Le autorità sanitarie peruviane hanno confermato giovedì che la nazione andina è entrata in quella che è considerata la quinta ondata di infezioni da coronavirus e hanno avvertito della possibilità di reintrodurre l’obbligo di indossare il mascherino.
Il ministero della Salute ha avvertito che la nazione andina ha visto un aumento «molto rapido e sostenuto» dei casi, accompagnato da un aumento del numero di pazienti ricoverati in ospedale e da un «moderato aumento» del numero di decessi.
Secondo i criteri del Centro Nazionale di Epidemiologia (CDC), questo aumento soddisfa i criteri per essere chiamato «quita ola»», ha dichiarato il direttore del suddetto organismo, César Munayco.

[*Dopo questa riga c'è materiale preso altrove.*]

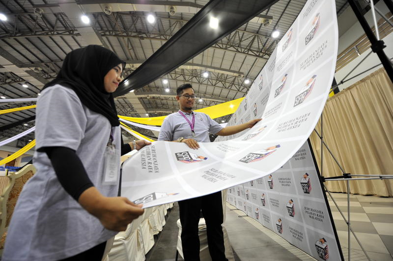 Dua Petugas pilihanraya Wan Samsuhaida Samsudin (kiri) dan Halizul Abd Halim membuat persiapan akhir di Pusat Penamaan Calon Pilihanraya Kecil (PRK) Kuala Kangsar di Dewan Jubli Perak hari ini.
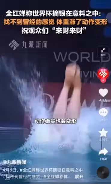 以前她跳水就像個小飛燕,輕盈又漂亮,現在體重一增加,身體協調性得重新調整,難度一下子就上去了。就像我們平時騎自行車習慣了,突然換了個三輪車,得重新找平衡感一樣。

Munayco ha dichiarato che 24 delle 25 regioni del Paese hanno mostrato un aumento sostenuto dei casi positivi di coronavirus, anche se ha chiarito che, a differenza delle ondate precedenti, i decessi non sono aumentati in modo significativo, secondo quanto riportato dalla stazione radio locale RPP.
Kelly Portalatino, responsabile delle funzioni sanitarie, ha dichiarato che, a seconda dell’evoluzione delle infezioni nelle prossime settimane, le autorità potrebbero rendere obbligatorio l’uso delle mascherine.
«Se i casi raddoppiano o triplicano, è molto probabile che la scheda di vaccinazione con la terza e la quarta dose venga ripristinata per gli eventi in aree chiuse», ha aggiunto Portalatino.
Negli ultimi giorni le autorità sanitarie del Paese hanno confermato cifre di infezione pari a circa 10.000 casi positivi al giorno, in alcuni casi superiori a 10.000. Il Perù ha registrato più di 4,2 milioni di infezioni dallo scoppio della pandemia, che ha già causato più di 217.000 morti.